Single-sample smoke test (any mode, any conv id):

bash
./run_prompted.sh   conv-26
./run_sdk_iso.sh    conv-26
./run_sdk_noiso.sh  conv-26
./run_e2e.sh        conv-26

Full 10-conv run — omit the conv id:

bash
./run_prompted.sh
./run_sdk_iso.sh
./run_sdk_noiso.sh
./run_e2e.sh

Each script ends with the result of stat_judge_result.py printed to stdout and saved to .tmp/result-<mode>/summary.txt. Per-question CSVs land in .tmp/result-<mode>/qa_results.csv.

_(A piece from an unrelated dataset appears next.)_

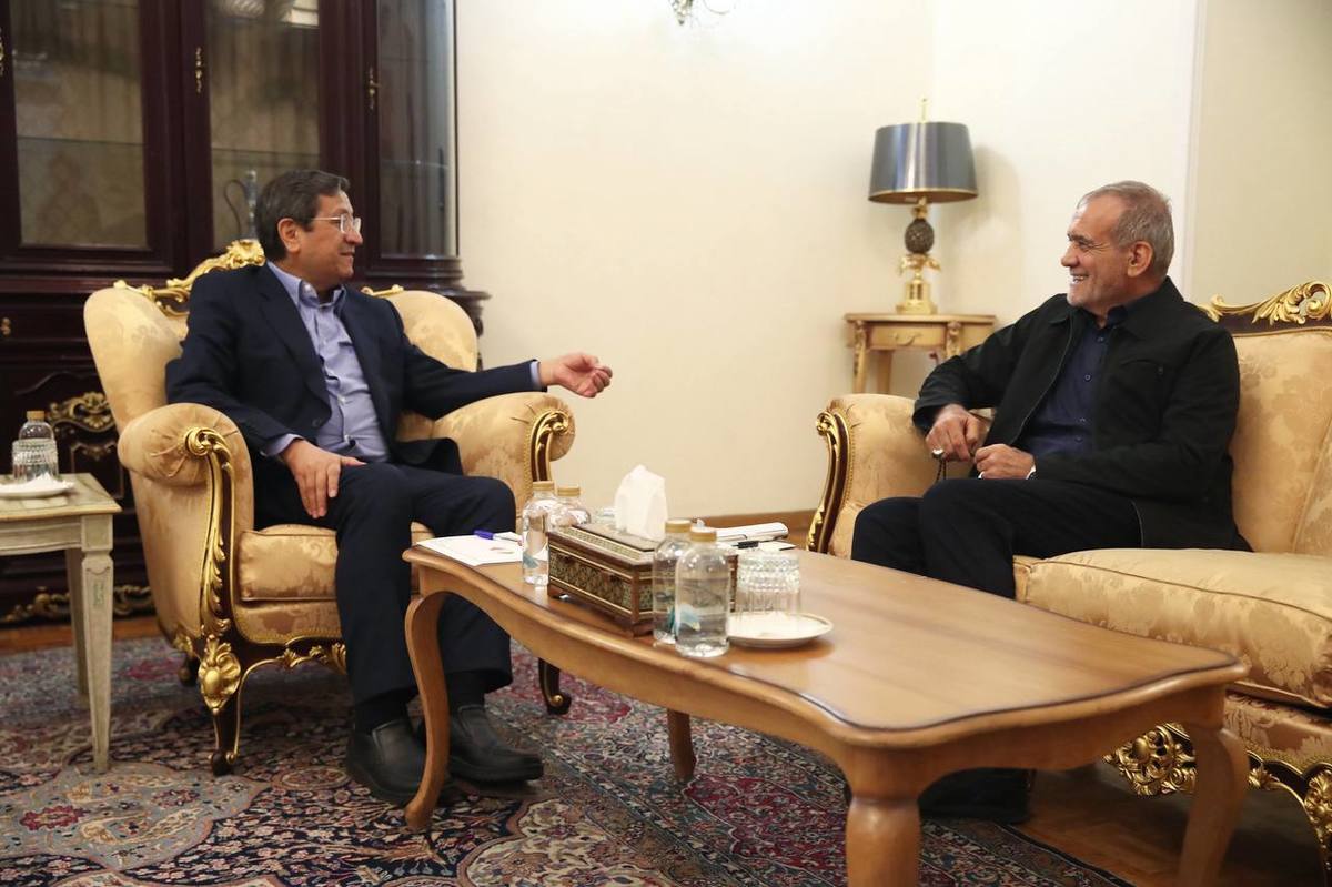 دیدار عبدالناصر همتی با رئیسجمهور منتخب/ انشاءالله با تدبیر دکتر پزشکیان شاهد تحولات مثبت در صحنه اقتصادی کشور باشیم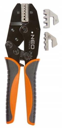 Szczypce do zaciskania końcówek tulejkowych o długości 220 mm. Z wymiennymi głowicami do zaciskania końcówek nieizolowanych. Głowice wykonane z wytrzymałej stali chromowo-molibdenowej o twardości 45 HRC.

What each Python entry point does

  • ingest.py — feeds each LoCoMo session as a claude -p invocation; CC's vanilla auto-memory writes MEMORY.md inside the project dir.
  • import_to_ov.py — uses the OpenViking Python SDK to push LoCoMo conversations directly into OV. Per-sample namespace by default; pass --no-user-agent-id for shared namespace.
  • ingest_e2e.py — opens one claude -p per LoCoMo session in --input-format stream-json mode and streams the messages one at a time through stdin. The plugin's Stop hook auto-captures per turn; SessionEnd fires once per LoCoMo session (one commit per session). The benchmark's scripts/auto-capture.mjs shim extracts the LoCoMo per-message timestamp so OV event archive dates line up with conv chronology.
  • eval.py — drives QA. Per-question claude -p; reads MEMORY.md for Prompted mode, talks to OV via auto-recall hook + MCP for the OV modes.
  • judge.py / stat_judge_result.py — LLM-based judging and per-category accuracy roll-up.

Layout

benchmark/locomo/claudecode/
├── README.md
├── run_prompted.sh                # 4 entry points, one per published mode
├── run_sdk_iso.sh
├── run_sdk_noiso.sh
├── run_e2e.sh
├── ingest.py                      # Prompted ingest
├── ingest_e2e.py                  # e2e stream-json ingest
├── import_to_ov.py                # SDK pre-ingest (iso + no-iso)
├── eval.py
├── judge.py
├── stat_judge_result.py
├── config/
│   ├── ov-hooks.json              # hooks settings, references $OPENVIKING_PLUGIN_DIR
│   ├── ov-mcp.json                # MCP server (viking)
│   ├── ov-ingest.conf             # auto-capture on, auto-recall on
│   ├── ov-qa.conf                 # auto-capture off, auto-recall on
│   └── sys-prompts/               # optional system prompts (unused in default flows)
├── scripts/
│   └── auto-capture.mjs           # LoCoMo-aware Stop-hook (per-message created_at)
└── .tmp/                          # gitignored; data, snapshots, results
    ├── locomo10.json              # ← drop dataset here
    ├── legacy/                    # historical scripts/configs/reports kept aside
    └── result-<mode>/             # output of a run

Historical iterations of the experiment (r8r14b snapshot scripts, fine/listed/min ingest variants, intermediate reports) live under .tmp/legacy/ and are not part of the published numbers.